Consumers Union is leading a group of advocates in lobbying the Federal Trade Commission for consumer protections for gift cards. The group is asking that the government require merchants to put gift card funds in a trust, so consumers are guaranteed their money.

In a letter to the FTC, Consumers Union highlighted the bankruptcy of Sharper Image in February as an example of what happens when gift cards go wrong. According to the letter, consumers were left "empty-handed" when Sharper Image stopped honoring the cards, an estimated $20 million in value. The company later petitioned the court to allow it to accept the gift cards, but now that Sharper Image is out of business, consumers must file a claim in court.

Richard Kaye, a spokesman for Hilco Merchant Resources, the company that ran Sharper Image's going-out-of-business sale, said he was not aware of consumers having difficulty redeeming gift cards.

"In general, because these are bankruptcies, the rule of thumb is that gift cards are honored" if purchased before the start of the going-out-of-business sale, Kaye said (this sentence as published has been corrected in this text).

Year to date, consumers have lost roughly $85 million in gift-card value to bankruptcies, said Brian Riley, a research director at TowerGroup, a financial advisory firm.

"When the economy is cooking, [gift cards] are great. I buy them myself," Riley said. "But when the economy goes south, like it's doing now, you're lending money to people who might have trouble repaying it."

But Ellen Davis, vice president of the National Retail Federation, said consumers should not be scared off of gift cards. Davis said most retailers that fail honor their gift cards.

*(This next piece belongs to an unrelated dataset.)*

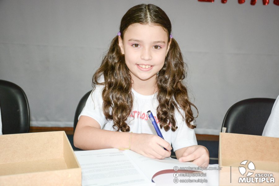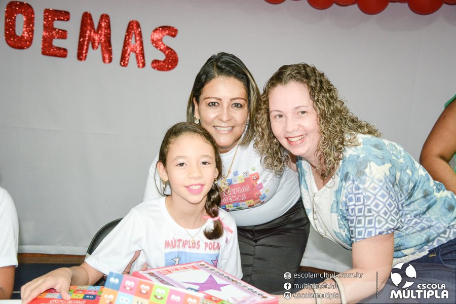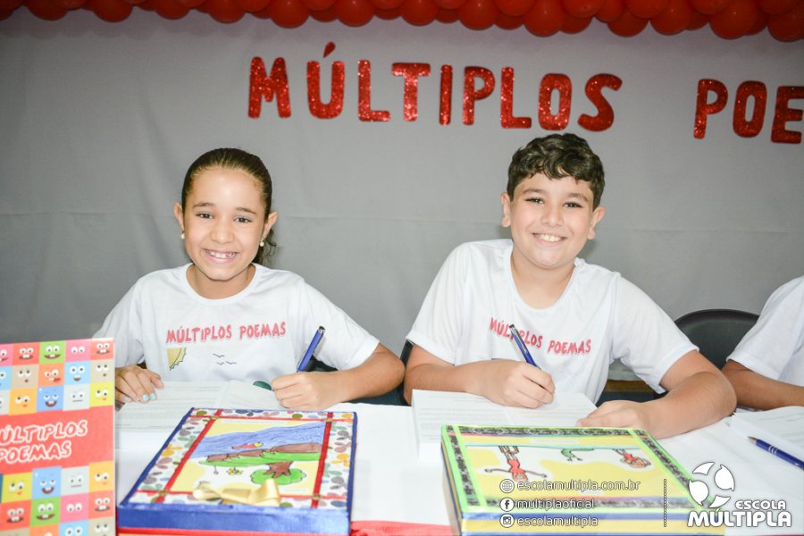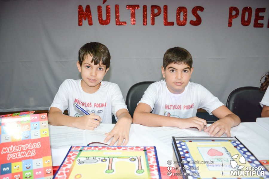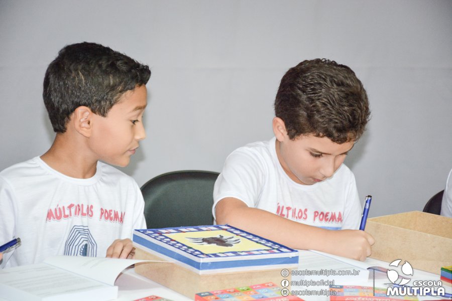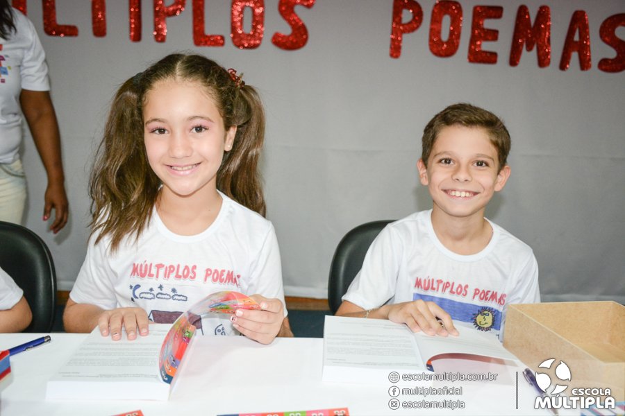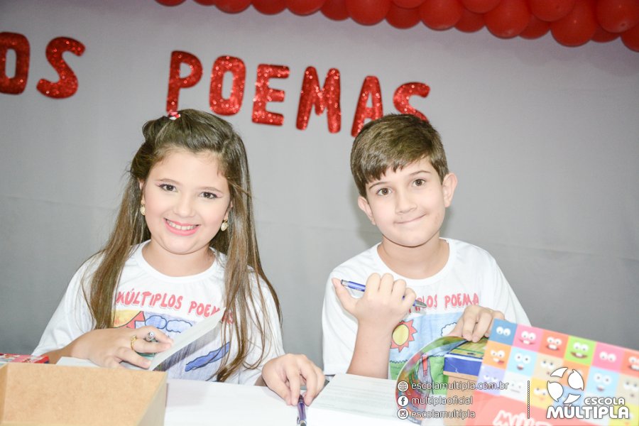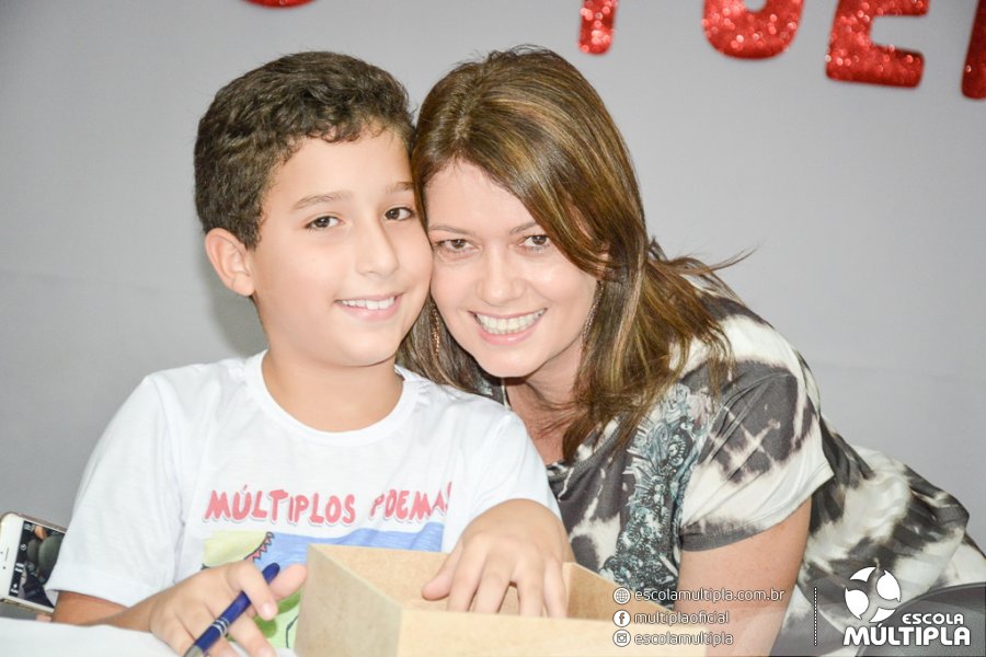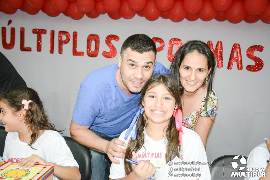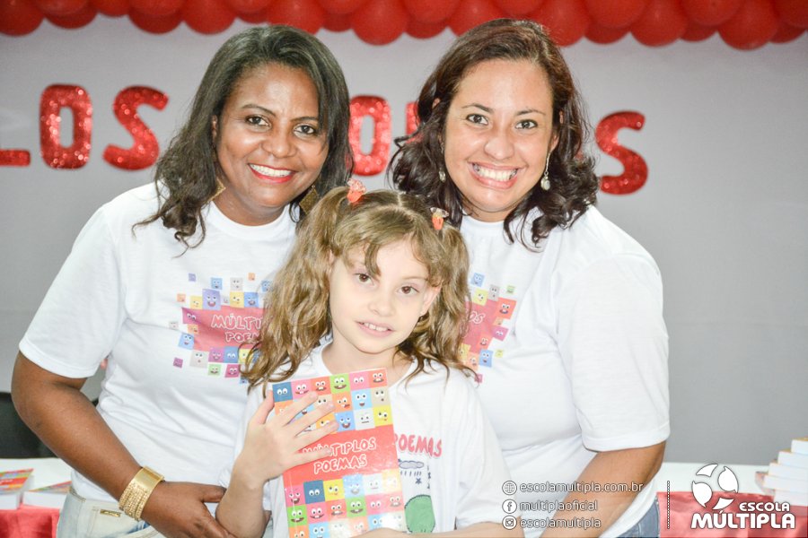 Ao final das apresentações, aconteceu a tão esperada noite de autógrafos do livro “Múltiplos Poemas”, momento de muita alegria para pais e alunos presentes.
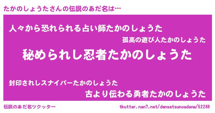 | 女子向けラノベタイトル風あだ名 | 『たかのしょうたなんてお断りですっ。』 |

"Yes, times are tough. But most retailers who are around now will be in business this time next year," Davis said.

Gift cards may not be popular with consumer advocates, but we shoppers love them. According to a retail federation survey, gift cards will be the most requested gift this holiday season, with 55 percent of people planning to ask for them.

And according to figures released by the federation, holiday shoppers plan to purchase about four gift cards, spending an average of $147. That's roughly $24.7 billion in gift cards.

Ed Mierzwinski, consumer program director with the Illinois Public Interest Research Group, said if you must buy gift cards, opt for store cards rather than bank cards, the ones with Visa and MasterCard logos "because store cards are less likely to have fees that cause the card to shrink in value."

But that's assuming that the store doesn't go bankrupt, right?

"Right. That's why I said rule No. 1 is don't buy gift cards. Rule No. 2 is, if you must buy gift cards, buy store cards, but see rule No. 1," he said.